The other day I was playing with functions of the form
$$ f(x) = \frac{1}{\frac{1}{a_0(x-b_0)} + \frac{1}{a_1(x-b_1)} + \cdots + \frac{1}{a_n(x-b_n)}} $$
and I found particularly that
$$ \frac{1}{\cdots \frac{1}{x+2\pi} + \frac{-1}{x+\pi} + \frac{1}{x-0} + \frac{-1}{x-\pi} + \frac{1}{x-2\pi} + \cdots} $$
seems to converge to $\sin x$ rather quickly (at least in comparison to the Maclaurin series representation). In addition, I found quite similar expressions for $\cos$ and $\tan$. How can it be shown that this expression is or is not equal to $\sin x$ (disregarding when $x=n \pi$ for some integer $n$)?

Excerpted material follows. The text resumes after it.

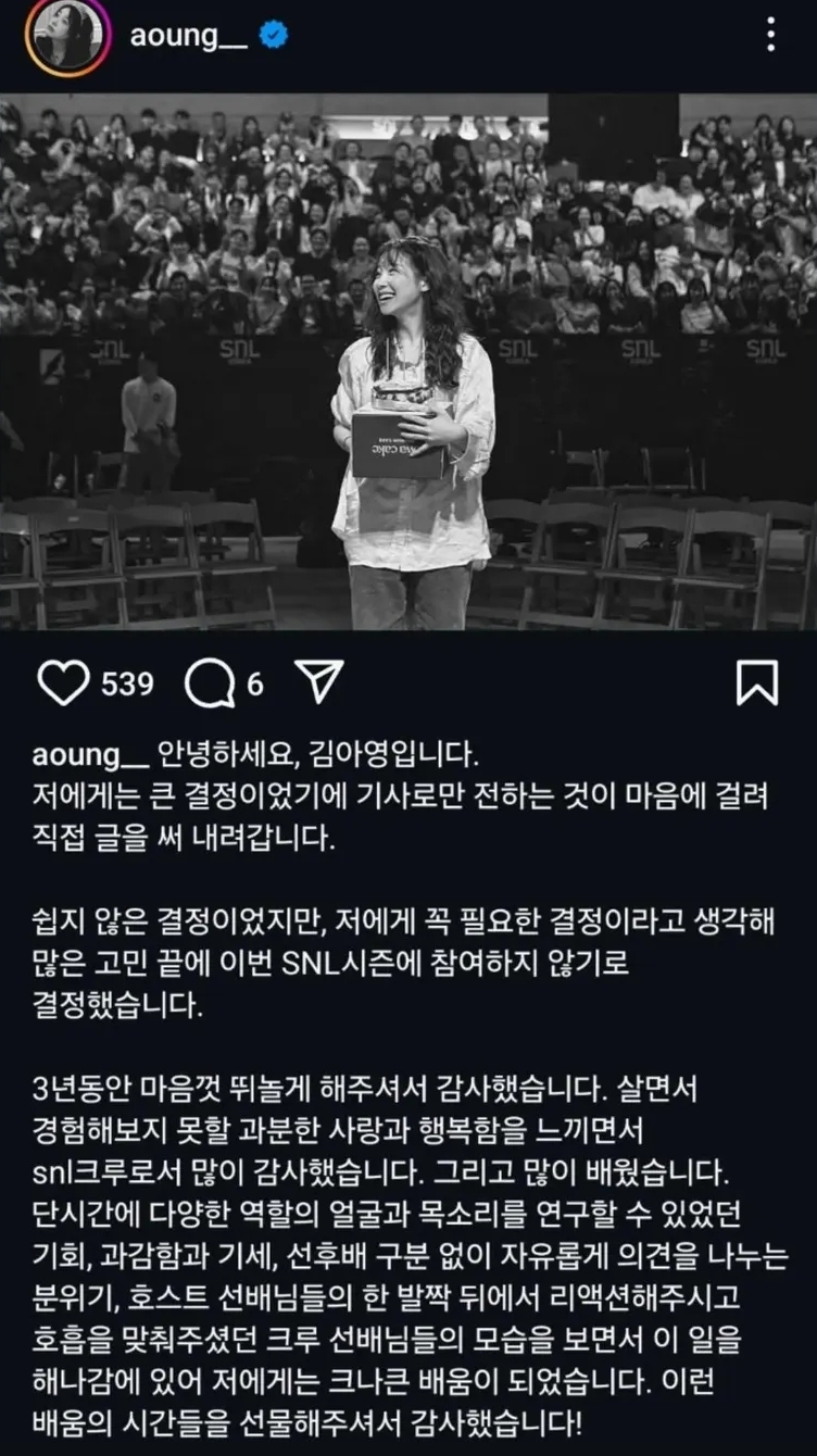 김아영 씨는 지난 14일, 자신의 SNS를 통해 직접 하차 소식을 전했습니다. 그녀는 "쉽지 않은 결정이었지만, 제게 꼭 필요한 결정이라고 생각해 많은 고민 끝에 이번 SNL 시즌에 참여하지 않기로 결정했다"며 솔직한 심경을 밝혔습니다. 이어 "SNL에서 보낸 3년여 간의 시간은 제 인생의 소중한 자산이 됐다"며 감사 인사를 전하는 한편, "아쉬움과 함께 솔직하게 두려운 마음도 들지만, 그만큼 제가 더 성장할 기회라는 생각도 든다. 여태 해왔던 것처럼 차근차근 저만의 길을 만들어 가보겠다"며 앞으로의 활동에 대한 기대감을 높였습니다.

That's right. Consider the functions $f(z)=\dfrac 1 z+\sum\limits_{k\geqslant 1}(-1)^k\dfrac{2z}{z^2-k^2}$ and $g(z)=\dfrac{1}{\sin(\pi z)}$. You should be able to show that $f(z)$ is meromorphic in $\Bbb C$ with simple poles at the integers, that the same happens with $\sin(\pi z)$, and that $f(z)-g(z)$ is bounded and entire, so that indeed $f(z)=g(z)$ identically since they agree at a point.